Leitlinie: Diagnosestellung RZA1

  • ACR-Klassifikationskriterien (1990)
    • Alter > 50 Jahre
    • neuartige oder neu auftretende Kopfschmerzen
    • abnorme Temporalarterien (Druckdolenz, abgeschwächte Pulsation)
    • BSG > 50 mm in der ersten Stunde
    • histologische Veränderungen bei Biopsie der Temporalarterie
  • Bei Erfüllen von 3 der 5 Kriterien Sensitivität von 93,5 %, Spezifität von 91,2 % in der Abgrenzung von anderen systemischen Vaskulitiden
  • Der positiv prädiktive Wert der klinischen Kriterien in einer nicht-selektierten Population liegt allerdings bei unter 50 %.
  • In den schon älteren ACR-Kriterien (1990!) werden Patient*innen mit extratemporalem Befall (z. B. thorakale Aortitis) nicht adäquat abgebildet.
    • Zudem ist Biopsie nach neuester Studienlage nur bei Ultraschall-negativen Patient*innen zwingend erforderlich13(Anmerkung der Redaktion).
  • Neue ACR/EULAR-Klassifikationskriterien für die systemischen Vaskulitiden werden derzeit im Rahmen des globalen DCVAS-Projekts erarbeitet.

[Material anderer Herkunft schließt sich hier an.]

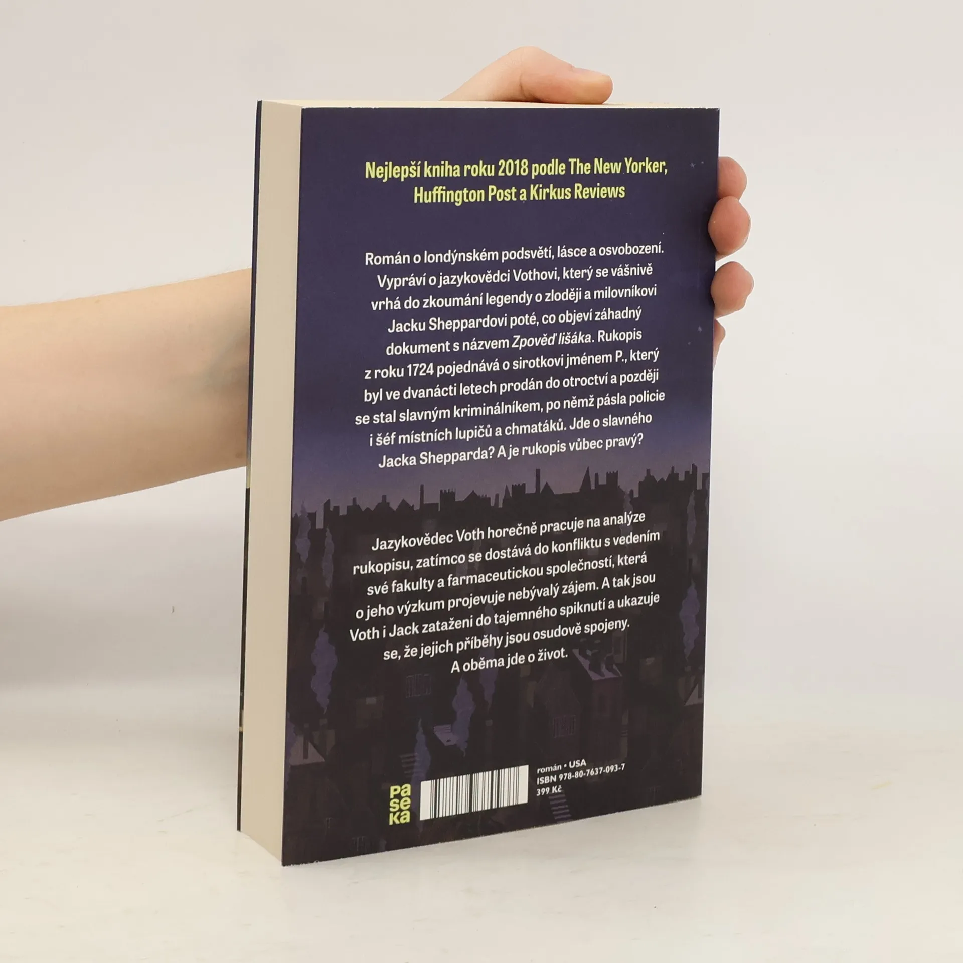 Lechtivý historický román o lásce, genderu a osvobození. Odehrává se ve dvou časových obdobích. První vypráví o jazykovědci doktoru Vothovi, který se v naší současnosti snaží vzpamatovat z rozchodu a obsesivně se vrhá do zkoumání života Jacka Shepparda, legendárního zloděje a milovníka z osmnáctého století. Nikdo totiž nezná skutečný Jackův příběh, jeho výpověď ani přiznání se nikdy nenašly. Tedy dokud doktor Voth neobjeví záhadný dokument s názvem Zpověď lišáka. Jde o rukopis z roku 1724 o sirotkovi jménem P., který byl ve dvanácti letech prodán do otroctví a později se z něj stal odvážný zloděj a bojovník za práva „monster“ – vlčích lidí či trpaslíků. Jeho protivníkem přitom není jen policie, ale i šéf všech londýnských zlodějíčků, který „monstra“ loví. Tak se P. postupně stává Jackem Sheppardem, jedním z nejznámějších a nejhledanějších zlodějů v historii. Doktor Voth horečně pracuje ve dne v noci na analýze rukopisu. Ale není jediný, kdo chce Jackův příběh a jeho pravou identitu odhalit. A tak jsou Jack i doktor Voth zataženi do případu tajemného spiknutí a ukazuje se, že jejich osudy jsou spojené – a oba je zachrání jen zázrak.

Leitlinie: Diagnosestellung PMR14

  • Eine PMR wird diagnostiziert, wenn typische Symptome bzw. klinische Befunde in Kombination mit entsprechenden Laborergebnissen (in der Regel sind die Blutsenkungsgeschwindigkeit beschleunigt und/oder das C-reaktive Protein erhöht) vorliegen.
  • Befunde in der bildgebenden Diagnostik wie eine Bursitis subdeltoidea, Bizepssehnen-Tenosynovitis und/oder eine Synovitis der Glenohumeralgelenke erhöhen die diagnostische Sicherheit.
  • Erkrankungen mit PMR-ähnlichen Symptomen (z. B. nichtentzündliche, entzündliche, medikamenteninduzierte, endokrine, infektiöse oder neoplastische Erkrankungen) sollten ausgeschlossen werden.

Differenzialdiagnosen

Polymyalgia rheumatica

Riesenzellarteriitis

Anamnese

  • Die Erkrankung beginnt in der Regel akut oder subakut, die Symptome entwickeln sich innerhalb von ein paar Tagen bis zu einigen Wochen.
  • Oft leiden die Patient*innen unter Allgemeinsymptome wie Fieber, Übelkeit, Müdigkeit, Schwäche, Depression, Appetitlosigkeit oder Gewichtsverlust.14,18

Leitlinie: Klinisches Bild der RZA1

  • Leitsymptom sind in > 70 % neu aufgetretene Kopfschmerzen
    • bohrend-stechende Qualität
    • häufig unilateral
    • meist frontotemporal betont
    • von starker Intensität
    • Verstärken sich beim Husten und beim Kauen.
  • Ein pathognomonisches Symptom ist die Claudicatio masticatoria (30 % der Fälle).
    • Beim Kauen fester Speisen kommt es zu zunehmenden oder neu auftretenden Schmerzen im Bereich der Schläfe oder dem schmerzlosen Gefühl einer „Kiefersperre“, sodass beim Essen Pausen eingelegt werden müssen.
    • Dieses Symptom ist ein typischer klinischer Hinweis auf eine Beteiligung der die Massetermuskulatur versorgenden Äste der A. carotis externa.
  • Häufig wird eine Empfindlichkeit der Kopfhaut angegeben.
  • Den Kopfschmerzen gehen oft konstitutionelle Symptome voraus.
    • Zu dieser „B-Symptomatik" gehören:
    • Diese Patient*innen wirken oft wie Tumorkranke.
  • Gefürchtet ist die Erblindung eines oder beider Augen durch Miteinbeziehung der Ziliararterien (30 %).
  • Der häufig irreversiblen Erblindung durch eine anteriore ischämische  Optikusneuropathie (AION) können flüchtige Sehstörungen unter dem Bild der Amaurosis fugax als Flimmerskotom oder flüchtige partielle Gesichtsfeldausfälle vorausgehen.
  • Der Befall der Augenmuskulatur führt zu Augenbewegungsschmerz, Doppelbildern und Ptose.
  • Wesentlich seltener sind auch andere Hirnnerven betroffen.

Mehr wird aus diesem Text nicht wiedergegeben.